**Task directions**
Each record below is to be retyped exactly, with its pictures omitted.

**Extracted information**
▽

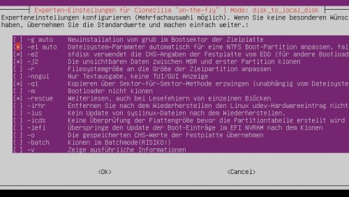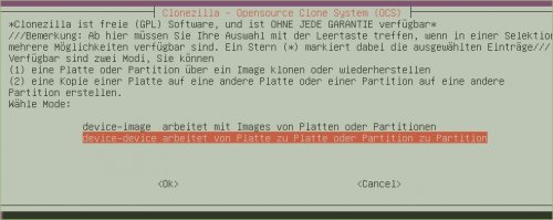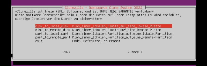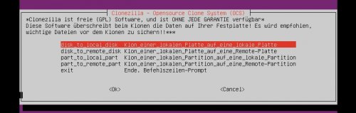 Nach dem verbinden von Quell- und Zieldatenträger, starte ich mit der Clonzilla BootCD
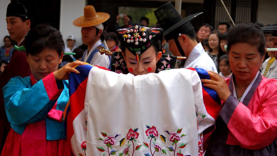 Obecnie większość młodych Koreańczyków, organizując swój ślub, podąża za zachodnimi wzorcami, jednak w niektórych regionach wciąż można natknąć się na tradycyjne ceremonie. Pierwszym krokiem do zawarcia małżeństwa jest podarowanie przez pana młodego matce swojej wybranki... dzikiej gęsi. Dawniej ptak był żywy, dziś zastępuje go figurka. Dzikie gęsi łączą się w pary na całe życie, prezent ma być zatem obietnicą wierności i troski, jaką mężczyzna otoczy małżonkę. Tradycyjnie ceremonia ślubna odbywa się w domu rodzinnym panny młodej. Para przypieczętowuje zawarcie związku, kłaniając się sobie i dzieląc się winem przygotowanym specjalnie na tę okazję. Piją z jednej czarki lub dwóch oddzielnych, ale wykonanych z jednej tykwy - symbolu połączenia dwóch części w jedność. Makijaż panny młodej jest bardzo delikatny, wyróżniają się jedynie trzy czerwone kółka, zdobiące policzki i czoło, które mają odstraszyć złe duchy.
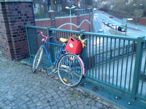 Erst wenn  der Reisende dann wieder zurückkehrt zum Bahnhof und abreisen will, dann liest er eventuell auf der anderen Seite des Rostrades auf einem dort angebrachten Schild, dass es sich hier um einen Wegweiser zum Ahrensburger Schloss handeln soll. Und dann wird dem Gast auch klar, warum er da noch mehr solcher Sperrmüllräder in der Stadt gesehen hat wie zum Beispiel auf der Brücke in der Hagener Allee, wo auf dem Gepäckträger noch der Weihnachtsschmuck aus dem letzten Jahr zu sehen ist mit Goldschleife.
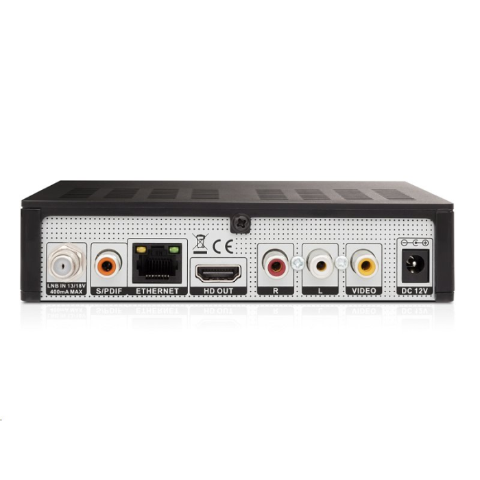 FULL HD digitální satelitní přijímač malých rozměrů s podporou FastScan lazení a zabudovanou Wi-Fi. Napájení 12V přes adaptér.
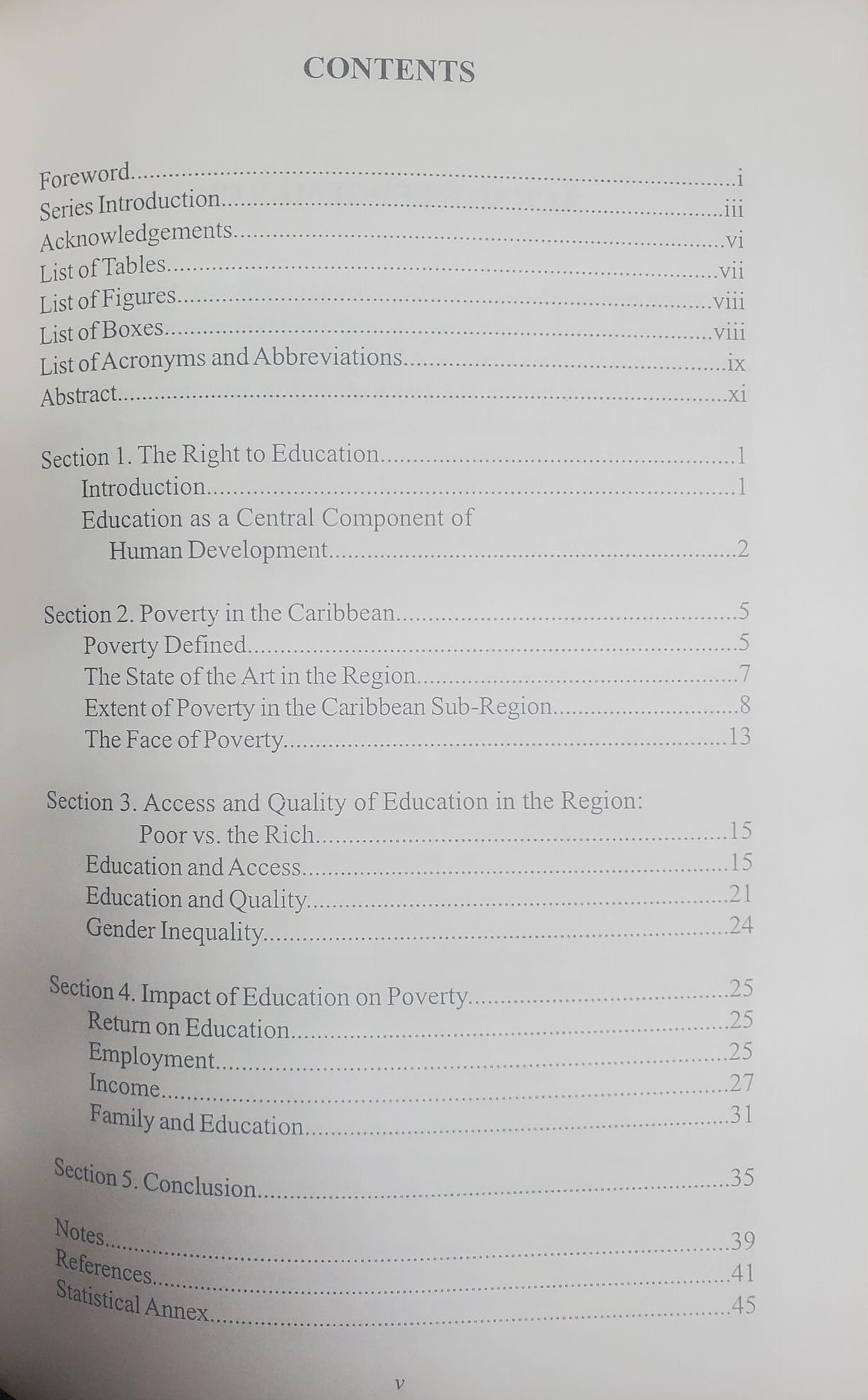 This monograph examines the poor and their relationship with the education system in the Caribbean through an analysis of data from poverty assessments in selected Caribbean countries. It posits that education is one of the single most vital elements in combating poverty and that it is a right. The monograph suggests that there is genuine belief in schooling and that it will lead to better opportunities and an improved standard of living. Parents, rich or poor, expect that the education system will provide their children with the basic skills to either continue with their education or pursue a livelihood that will enable them to enjoy a descent standard of living. It reports that some 38 percent of the population in the Caribbean is classified as poor, and that this poverty acts as a constraining factor to access to education and the quality of the education that is received. The generally low performance level of the education system exacerbates the state of poverty. It is concluded, therefore that the education system is failing one group of children more than others—those that are poor—and thus denying them the opportunity to become contributing members of the society, and to achieve the goal of sustainable human development. It is suggested that what is needed is a rescue plan for the education system, which will transform it into a catalyst for genuine social equity. If not, the existing stratification between rich and poor may reinforce, rather than correct, income inequalities and perpetuate the cycle of poverty.
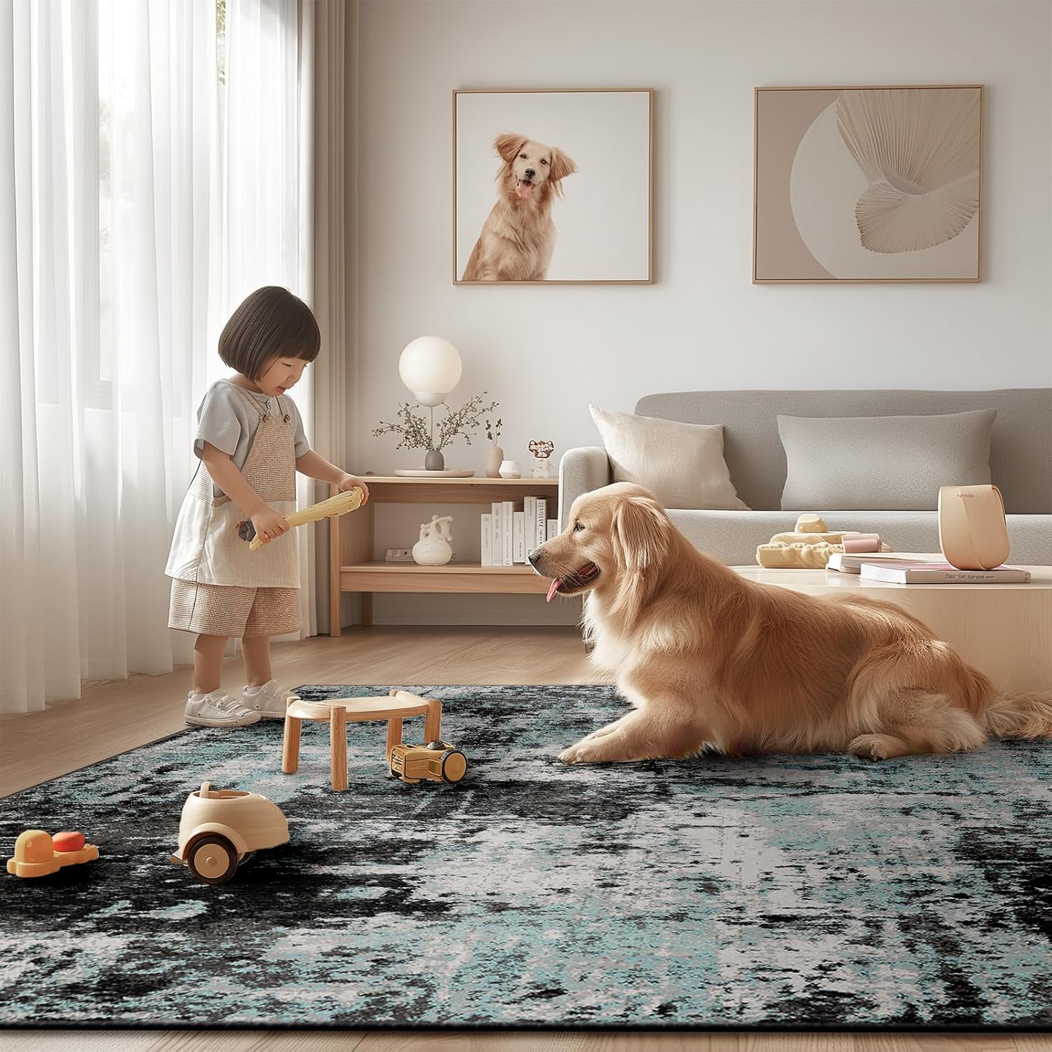 Washable Area Rugs 3'x5' Non-Slip Modern Abstract Soft for Living Room Entryway Bedroom Nursery, Print Pattern, Blue Black Teal
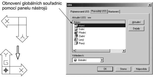Příkaz: Uss (_Ucs) volba Ulož, Vymaž a oBnov lze použít také příkaz Diauss pro vyvolání dialogu správy USS
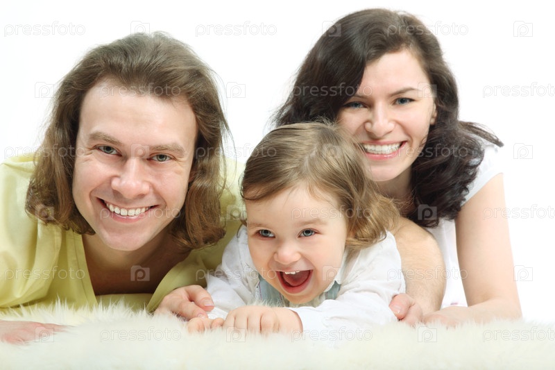 Счастливая молодая семья - мать, отец и игривая дочка - это
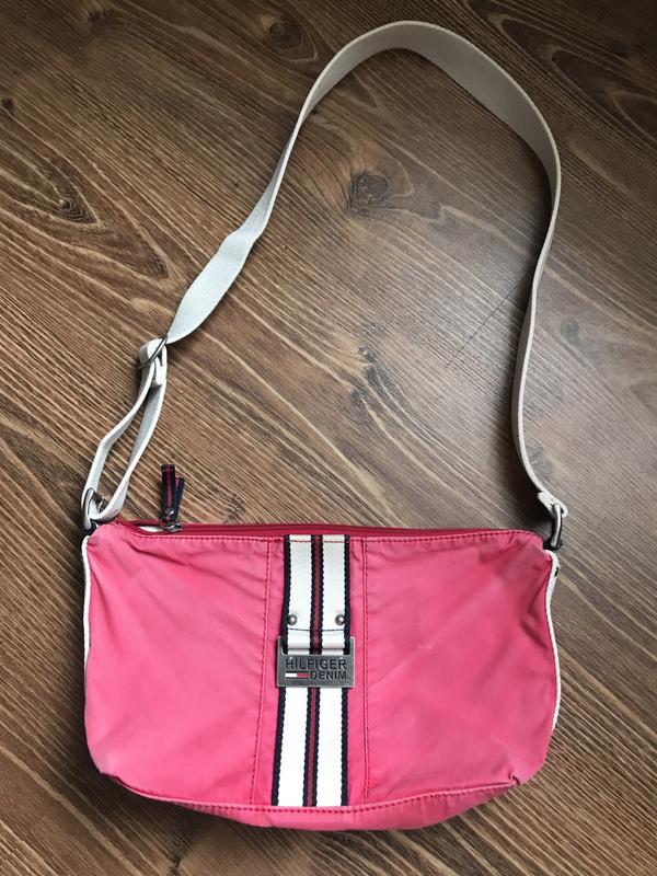 Сумка з довгою ручкою Tommy Hilfiger Заміри на фото, довжина ручки регулюється, плащівка, є втрата кольору
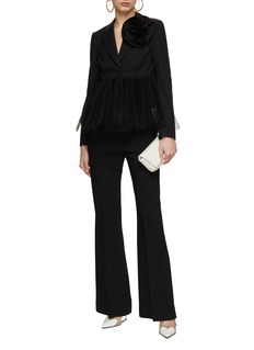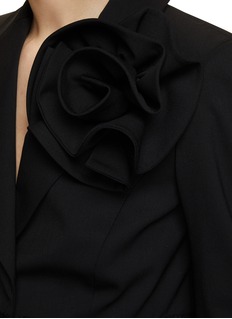 大颗花卉和网纱的拼接带来浪漫变奏曲,这款西装外套可以带来日常隆重场合里的一曲低调华丽。Carolina Herrera 以色彩为设计核心,撷取明快色调绽放简约方寸之间,极具张力与个性,成为优雅女性气质的代表。
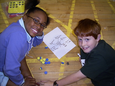 Using the students as 'buttons' is a great way to begin this lesson outdoors. Ask them to walk around in an enclosed space (such as the netball court) and on your signal make groups of a certain number. Record the number of groups of this size and the left overs. No-one is out, so, with the same number of students, repeat the activity five or six times. Return to the classroom where students use Poly Plug, or an alternative, on their desktop to make a 'table top model' of the outdoor experience and gather data for other possible groups 'called by the teacher'.
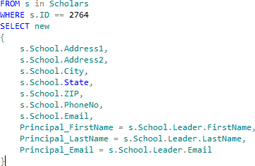 SELECT 1 AS [C1], [Extent2].[Address1] AS [Address1], [Extent2].[Address2] AS [Address2], [Extent2].[City] AS [City], [Extent2].[State] AS [State], [Extent2].[ZIP] AS [ZIP], [Extent2].[PhoneNo] AS [PhoneNo], [Extent2].[Email] AS [Email], [Join2].[FirstName] AS [FirstName], [Join2].[LastName] AS [LastName], [Join2].[Email] AS [Email1] FROM [dbo].[Scholar] AS [Extent1] LEFT OUTER JOIN [dbo].[School] AS [Extent2] ON [Extent1]. [SchoolID] = [Extent2].[ID] LEFT OUTER JOIN (SELECT [Extent3].[ID] AS [ID1], [Extent4].[FirstName] AS [FirstName], [Extent4]. [LastName] AS [LastName], [Extent4].[Email] AS [Email] FROM [dbo].[Staff] AS [Extent3] INNER JOIN [dbo].[Person] AS [Extent4] ON [Extent3]. [ID] = [Extent4].[ID] ) AS [Join2] ON [Extent2]. [LeaderStaffID] = [Join2].[ID1] WHERE 2764 = [Extent1].[ID]

△

**Reply**
 Nach dem verbinden von Quell- und Zieldatenträger, starte ich mit der Clonzilla BootCD
 Obecnie większość młodych Koreańczyków, organizując swój ślub, podąża za zachodnimi wzorcami, jednak w niektórych regionach wciąż można natknąć się na tradycyjne ceremonie. Pierwszym krokiem do zawarcia małżeństwa jest podarowanie przez pana młodego matce swojej wybranki... dzikiej gęsi. Dawniej ptak był żywy, dziś zastępuje go figurka. Dzikie gęsi łączą się w pary na całe życie, prezent ma być zatem obietnicą wierności i troski, jaką mężczyzna otoczy małżonkę. Tradycyjnie ceremonia ślubna odbywa się w domu rodzinnym panny młodej. Para przypieczętowuje zawarcie związku, kłaniając się sobie i dzieląc się winem przygotowanym specjalnie na tę okazję. Piją z jednej czarki lub dwóch oddzielnych, ale wykonanych z jednej tykwy - symbolu połączenia dwóch części w jedność. Makijaż panny młodej jest bardzo delikatny, wyróżniają się jedynie trzy czerwone kółka, zdobiące policzki i czoło, które mają odstraszyć złe duchy.
 Erst wenn  der Reisende dann wieder zurückkehrt zum Bahnhof und abreisen will, dann liest er eventuell auf der anderen Seite des Rostrades auf einem dort angebrachten Schild, dass es sich hier um einen Wegweiser zum Ahrensburger Schloss handeln soll. Und dann wird dem Gast auch klar, warum er da noch mehr solcher Sperrmüllräder in der Stadt gesehen hat wie zum Beispiel auf der Brücke in der Hagener Allee, wo auf dem Gepäckträger noch der Weihnachtsschmuck aus dem letzten Jahr zu sehen ist mit Goldschleife.
 FULL HD digitální satelitní přijímač malých rozměrů s podporou FastScan lazení a zabudovanou Wi-Fi. Napájení 12V přes adaptér.
 This monograph examines the poor and their relationship with the education system in the Caribbean through an analysis of data from poverty assessments in selected Caribbean countries. It posits that education is one of the single most vital elements in combating poverty and that it is a right. The monograph suggests that there is genuine belief in schooling and that it will lead to better opportunities and an improved standard of living. Parents, rich or poor, expect that the education system will provide their children with the basic skills to either continue with their education or pursue a livelihood that will enable them to enjoy a descent standard of living. It reports that some 38 percent of the population in the Caribbean is classified as poor, and that this poverty acts as a constraining factor to access to education and the quality of the education that is received. The generally low performance level of the education system exacerbates the state of poverty. It is concluded, therefore that the education system is failing one group of children more than others—those that are poor—and thus denying them the opportunity to become contributing members of the society, and to achieve the goal of sustainable human development. It is suggested that what is needed is a rescue plan for the education system, which will transform it into a catalyst for genuine social equity. If not, the existing stratification between rich and poor may reinforce, rather than correct, income inequalities and perpetuate the cycle of poverty.
 Washable Area Rugs 3'x5' Non-Slip Modern Abstract Soft for Living Room Entryway Bedroom Nursery, Print Pattern, Blue Black Teal
Příkaz: Uss (_Ucs) volba Ulož, Vymaž a oBnov lze použít také příkaz Diauss pro vyvolání dialogu správy USS
 Счастливая молодая семья - мать, отец и игривая дочка - это
 Сумка з довгою ручкою Tommy Hilfiger Заміри на фото, довжина ручки регулюється, плащівка, є втрата кольору
 大颗花卉和网纱的拼接带来浪漫变奏曲,这款西装外套可以带来日常隆重场合里的一曲低调华丽。Carolina Herrera 以色彩为设计核心,撷取明快色调绽放简约方寸之间,极具张力与个性,成为优雅女性气质的代表。
 Using the students as 'buttons' is a great way to begin this lesson outdoors. Ask them to walk around in an enclosed space (such as the netball court) and on your signal make groups of a certain number. Record the number of groups of this size and the left overs. No-one is out, so, with the same number of students, repeat the activity five or six times. Return to the classroom where students use Poly Plug, or an alternative, on their desktop to make a 'table top model' of the outdoor experience and gather data for other possible groups 'called by the teacher'.
 SELECT 1 AS [C1], [Extent2].[Address1] AS [Address1], [Extent2].[Address2] AS [Address2], [Extent2].[City] AS [City], [Extent2].[State] AS [State], [Extent2].[ZIP] AS [ZIP], [Extent2].[PhoneNo] AS [PhoneNo], [Extent2].[Email] AS [Email], [Join2].[FirstName] AS [FirstName], [Join2].[LastName] AS [LastName], [Join2].[Email] AS [Email1] FROM [dbo].[Scholar] AS [Extent1] LEFT OUTER JOIN [dbo].[School] AS [Extent2] ON [Extent1]. [SchoolID] = [Extent2].[ID] LEFT OUTER JOIN (SELECT [Extent3].[ID] AS [ID1], [Extent4].[FirstName] AS [FirstName], [Extent4]. [LastName] AS [LastName], [Extent4].[Email] AS [Email] FROM [dbo].[Staff] AS [Extent3] INNER JOIN [dbo].[Person] AS [Extent4] ON [Extent3]. [ID] = [Extent4].[ID] ) AS [Join2] ON [Extent2]. [LeaderStaffID] = [Join2].[ID1] WHERE 2764 = [Extent1].[ID]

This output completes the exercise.